New Zealand Parliament
- Royal assent: 16 May 2004
- Commenced: 29 November 2004

Legislative history
- Introduced by: Nándor Tánczos; (Green Party);
- Passed: 11 May 2004

Related legislation
- Crimes Act 1961

= Criminal Records (Clean Slate) Act 2004 =

Act of Parliament in New Zealand

The Criminal Records (Clean Slate) Act 2004 is an Act of Parliament in New Zealand administered by the Ministry of Justice. It allows for a criminal record to be hidden from the public if the person is eligible.
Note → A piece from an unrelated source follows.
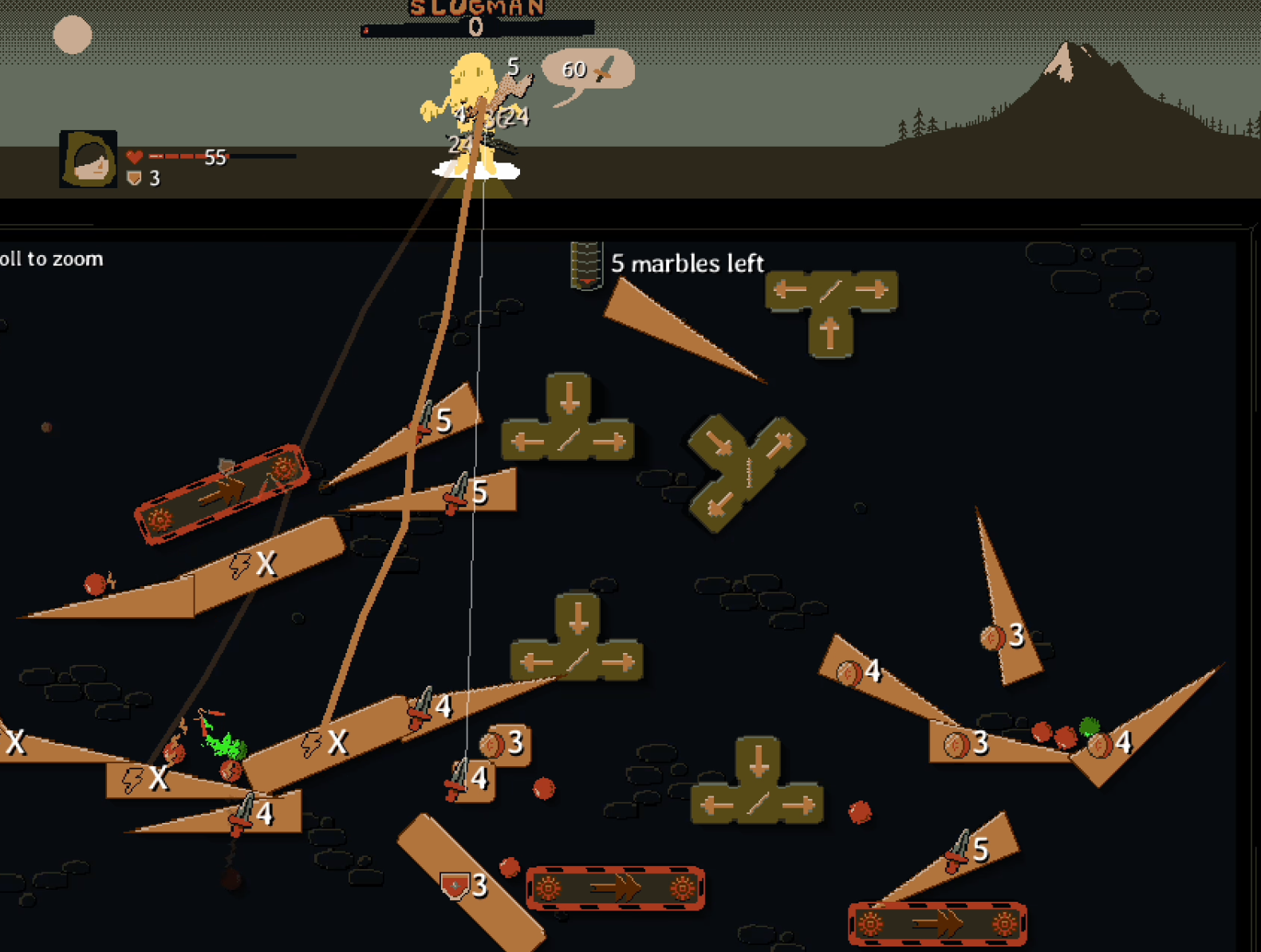 - Hitting ability blocks with your marbles can attack, defend, and collect you gold!

At the time the act was passed, the Ministry of Justice estimated that it may be applicable to 500,000 people (an eighth of the country's population at the time), the majority of which committed a minor offence in their youth. In 2015 it was reported that just over 220,000 people have had their convictions wiped since the Act was introduced in 2004.

==Eligibility==

In order to be eligible under the Act a person must have:
- no convictions within the last 7 years;
- never been sentenced to a custodial sentence (e.g. imprisonment, corrective training, borstal);
- never been ordered by a Court during a criminal case to be detained in a hospital due to his/her mental condition, instead of being sentenced;
- not been convicted of a "specified offence" (e.g. sexual offending against children and young people or the mentally impaired)
- paid in full any fine, reparation or costs ordered by the Court in a criminal case;
- never been indefinitely disqualified from driving under section 65 of the Land Transport Act 1998 or earlier equivalent provision.

In certain cases, a person cannot hide their past criminal record under the Act, such as when a person applies to work for the New Zealand Police or a job involving national security.